“The whole message of the Christian scripture is based in the idea of metanoia, the change of heart that happens when we meet God face-to-face. Even a cursory knowledge of history reveals that Christianity is a religion about change. The Christian faith always changes--even when some of its adherents claim that it does not.”
“When outsiders claim that we are unchristian, it is a reflection of this jumbled (and predominately negative) set of perceptions. When they see Christians not acting like Jesus, they quickly conclude that the group deserves an unchristian label. Like a corrupted computer file or a bad photocopy, Christianity, they say, is no longer in pure form, and so they reject it. One quarter of outsiders say therefore most perception of Christianity is that the faith has changed for the worse. It has gotten off-track and is not what Christ intended. Modern-day Christianity no longer seems Christian.”
“(About changing faith) At our best, Christians embrace it, leaving enough space within orthodoxy for God to surprise us every now and then.”
“We are settling for a Christianity that revolves around catering to ourselves when the central message of Christianity is actually about abandoning ourselves.”
“The Christian community, therefore, is that community that freely becomes oppressed, because they know that Jesus himself has defined humanity's liberation in the context of what happens to the little ones. Christians join the cause of the oppressed in the fight for justice not because of some philosophical principle of "the Good" or because of a religious feeling of sympathy for people in prison. Sympathy does not change the structures of injustice.
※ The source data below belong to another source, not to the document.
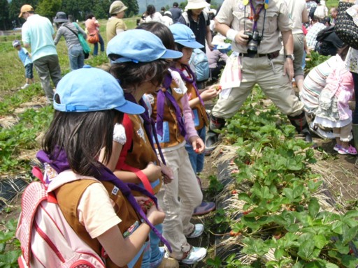 今日はイチゴ狩りに出かけました。青空の下イチゴ畑につくと、イチゴがいっぱい。どれから食べるか悩んでいるのかと思ったら、洗わないといやだとごねる女子スカウト。それに比べ男子スカウトは黙々と選んでいます。ほら、こんなでかいのみつけた(^^♪うめぇ~~♪リーダーも並んで負けずに食べてます。ああ美味しかった、イチゴの命をいただきありがとうございました _(_^_)_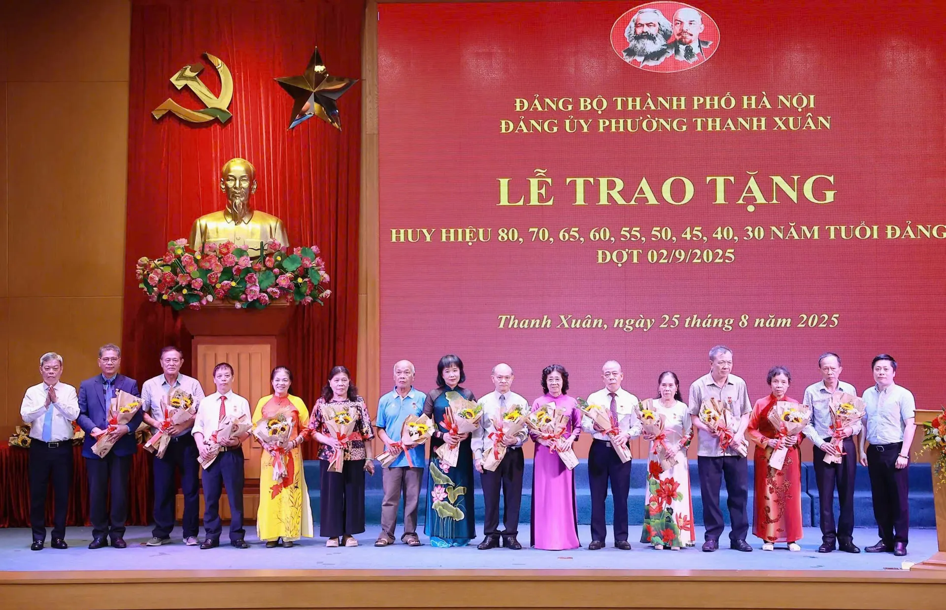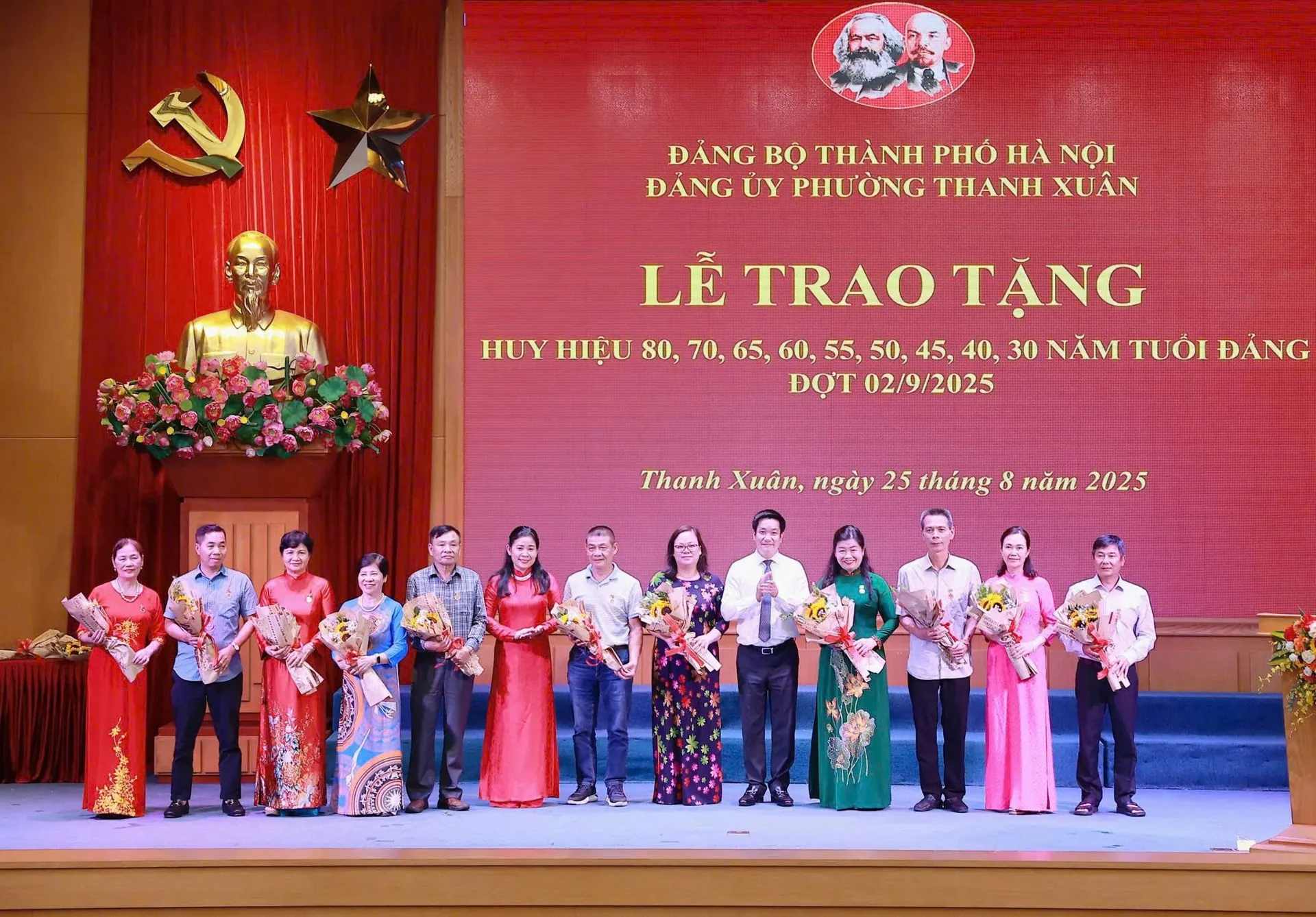 Đợt này, phường Thanh Xuân có 222 đảng viên được nhận Huy hiệu 80, 70, 60, 55, 50, 45, 40 và 30 năm tuổi Đảng. Trong đó, có 2 đảng viên nhận Huy hiệu 80 năm tuổi Đảng; 1 đảng viên nhận Huy hiệu 70 năm tuổi Đảng; 6 đồng chí nhận Huy hiệu 65 năm tuổi Đảng; 15 đồng chí Huy hiệu 60 năm tuổi Đảng; 13 đồng chí nhận Huy hiệu 55 năm tuổi Đảng; 22 đồng chí nhận Huy hiệu 50 năm tuổi Đảng; 47 đồng chí nhận Huy hiệu 45 năm tuổi Đảng; 66 đồng chí nhận Huy hiệu 40 năm tuổi Đảng; 50 đồng chí nhận Huy hiệu 30 năm tuổi Đảng.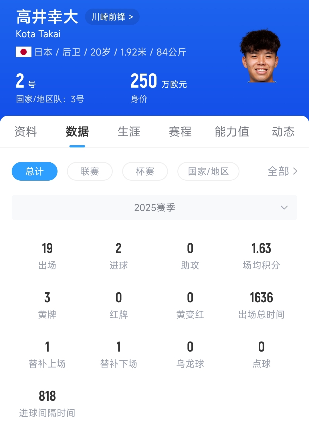 今年亞冠精英聯(lián)賽半決賽,利雅得勝利主場2-3不敵川崎前鋒無緣決賽,高井幸大首發(fā)中衛(wèi)踢滿全場。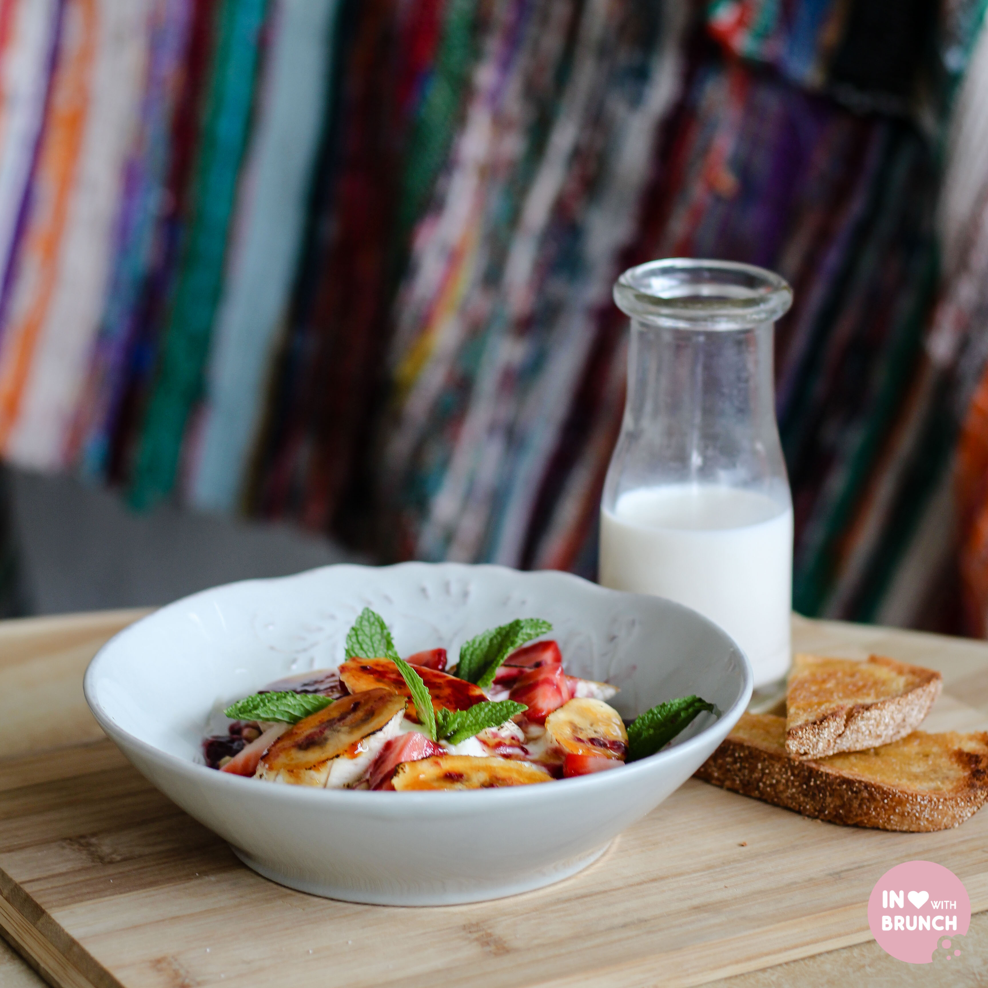 thessaloniki muesli: house boiled wheat with roasted almonds, walnuts, sesame seed, berry compote, sultanas, honey + banana brulee, served with house yoghurt and milk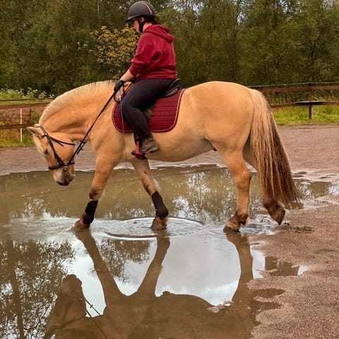 Ble innridd for 4 måneder siden, så fortsatt litt uerfaren, men tar det meste på strak hov.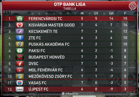 A címvédő és listavezető Ferencváros 6-0-ra kiütötte idegenben ősi riválisát, az Újpestet a labdarúgó OTP Bank Liga 7. fordulójának vasárnap esti zárómérkőzésén. A zöld-fehérek öt mérkőzéssel a hátuk mögött százszázalékos teljesítménnyel a tabella élére ugrottak, míg az Újpest továbbra is nyeretlenül sereghajtó.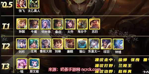 T3:牛魔、张良、刘邦、姜子牙、桑启、东皇太一。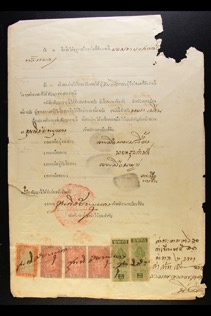 THAILAND REVENUES ON COMPLETE DOCUMENT 1948 complete two sided Court Document in Thai bearing 1909 Judicial 1s on 2a and 10s on 4a (Barefoot 36 and 39), plus "Elephant" 1b (Barefoot 54) x 3, and 4b (Barefoot 71), some peripheral faults to the document not affecting stamps
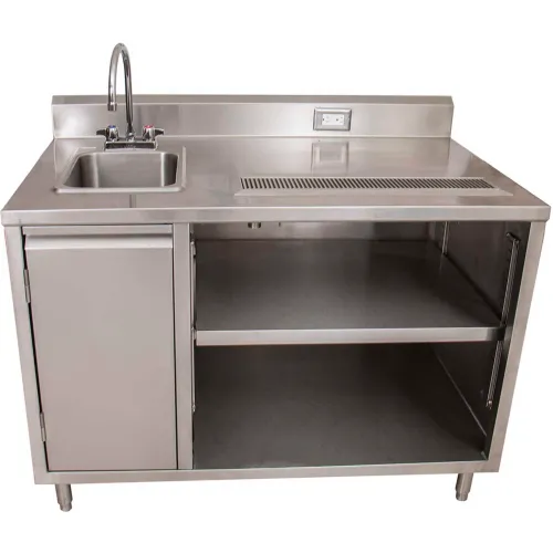 BK Resources Stainless Beverage Table, Sink On Left, 5"Riser Electric Outlet 30X60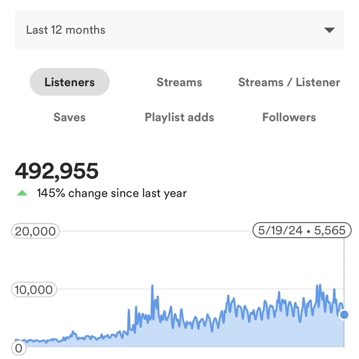 This Artist was already at the point where they were getting hundreds of thousands of streams per year. We were able to push their new single releases further and get them to over 2.6 million streams this past year!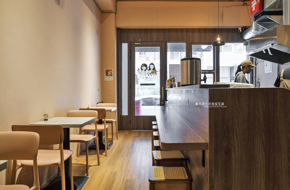 有吧台位置、右邊的兩人座位,最裡面有一張四人桌。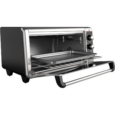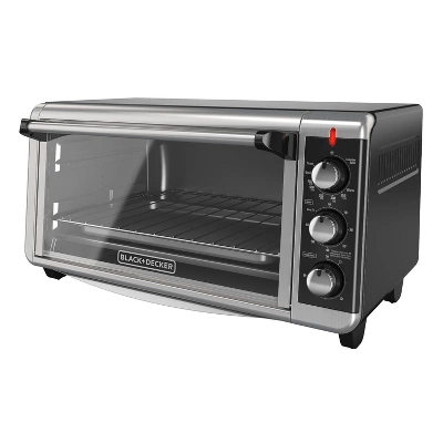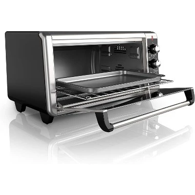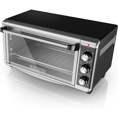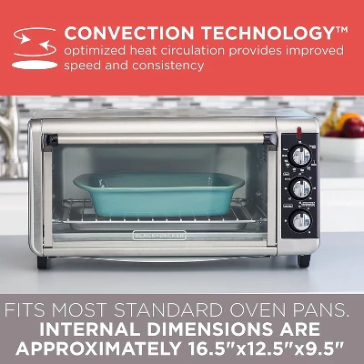 The BLACK+DECKER 8-Slice Extra-Wide Stainless Steel/Black Convection Countertop Toaster and Pizza Oven with Broiler Pan simplifies large baking tasks. Its extended interior fits an entire 13”x9” pan with handles, so you can bake lasagna, brownies, and even 12” pizzas with your standard bakeware. You won’t have to wait around for your large oven to preheat anymore, just set the correct temperature and time and you’ll be baking in minutes with four unique functions: bake, broil, toast, and keep warm. Convection technology circulates air within the oven for fast and even results while baking. Plus, the toaster oven includes a broiler pan and an external crumb tray that slides in and out, making cleanup a breeze. When it’s time to eat, trust the #1 brand in toaster ovens*—BLACK+DECKER.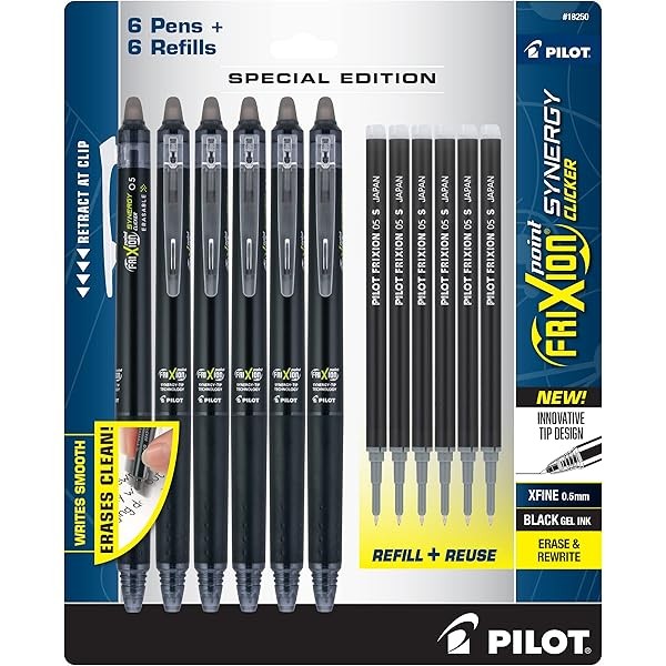 PILOT Frixion Synergy Clicker Erasable Pens, Retractable and Refillable, 0.5mm Extra Fine Point, 6 Pack of Black Ink Pens + 6 Refills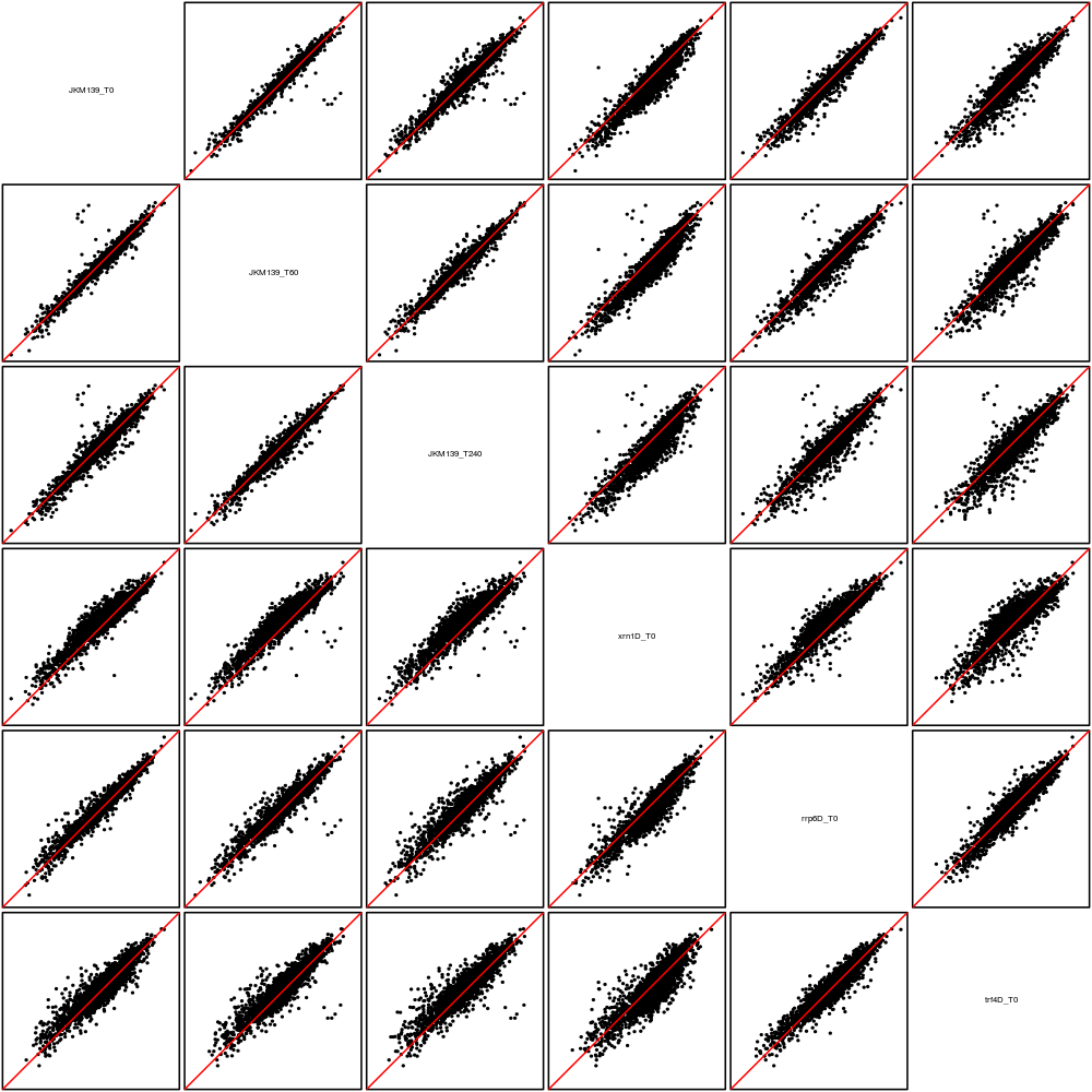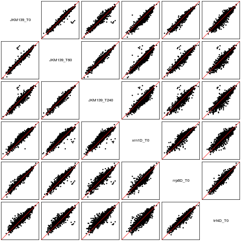 Scatter plots main for Total RNAseq analysis upon DSB induction in WT, xrn1, rrp6 and trf4 yeast strains.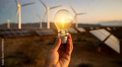 "Innovation Concept: Hand Holding Light Bulb in front of Wind Turbines"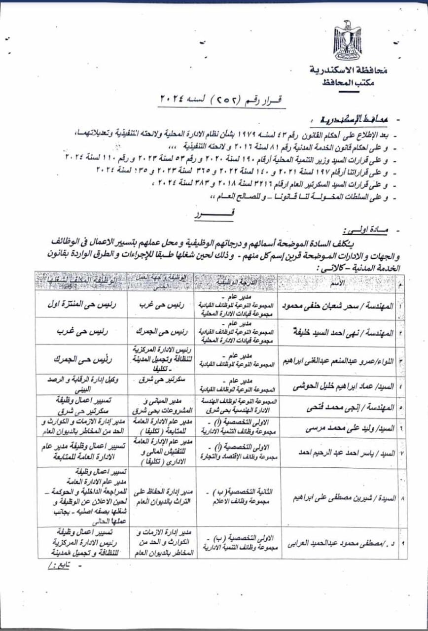 حركة تنقلات داخلية لرؤساء الأحياء في الإسكندرية| أسماء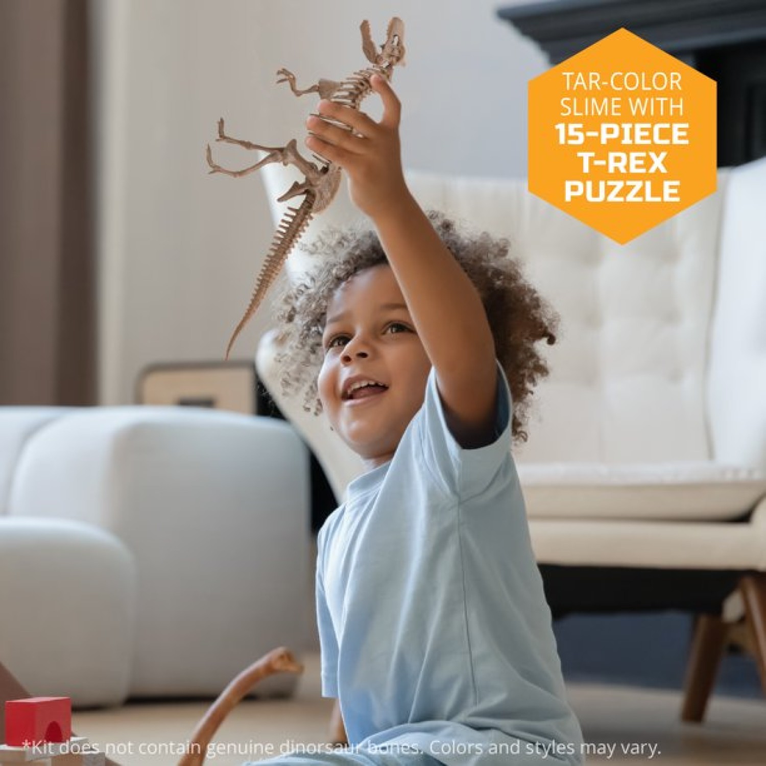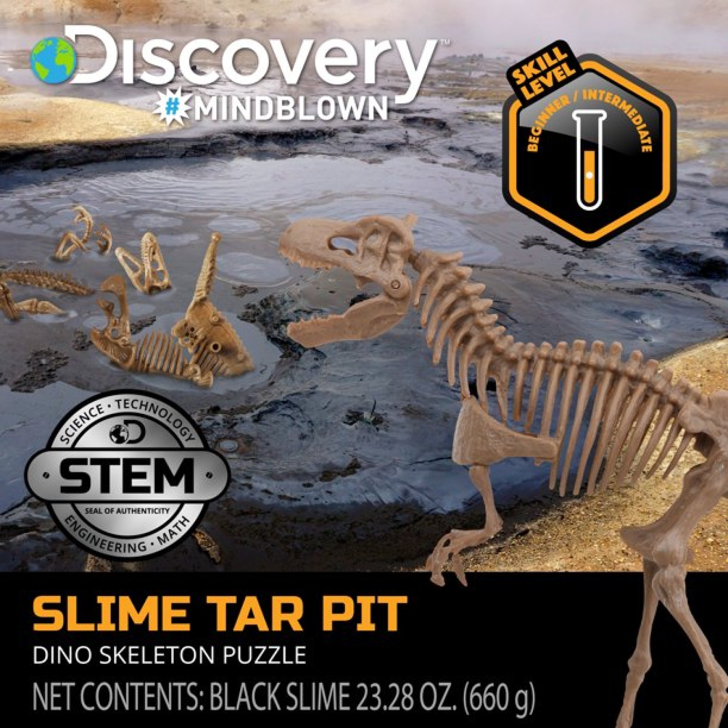 Discovery Mindblown Toy Dino Skeleton Tar Pit Model Uncover Bones in Slime Tube, DIY 10-Piece Velociraptor Puzzle

The authentic identity of Christians with the poor is found in the claim which the Jesus-encounter lays upon their own life-style, a claim that connects the word "Christian" with the liberation of the poor. Christians fight not for humanity in general but for themselves and out of their love for concrete human beings.”
“Christianity is not just involved with "salvation", but with the total man in the total world. The Christian message begins with the existence of God forever, and then with creation. It does not begin with salvation. We must be thankful for salvation, but the Christian message is more than that. Man has a value because he is made in the image of God.”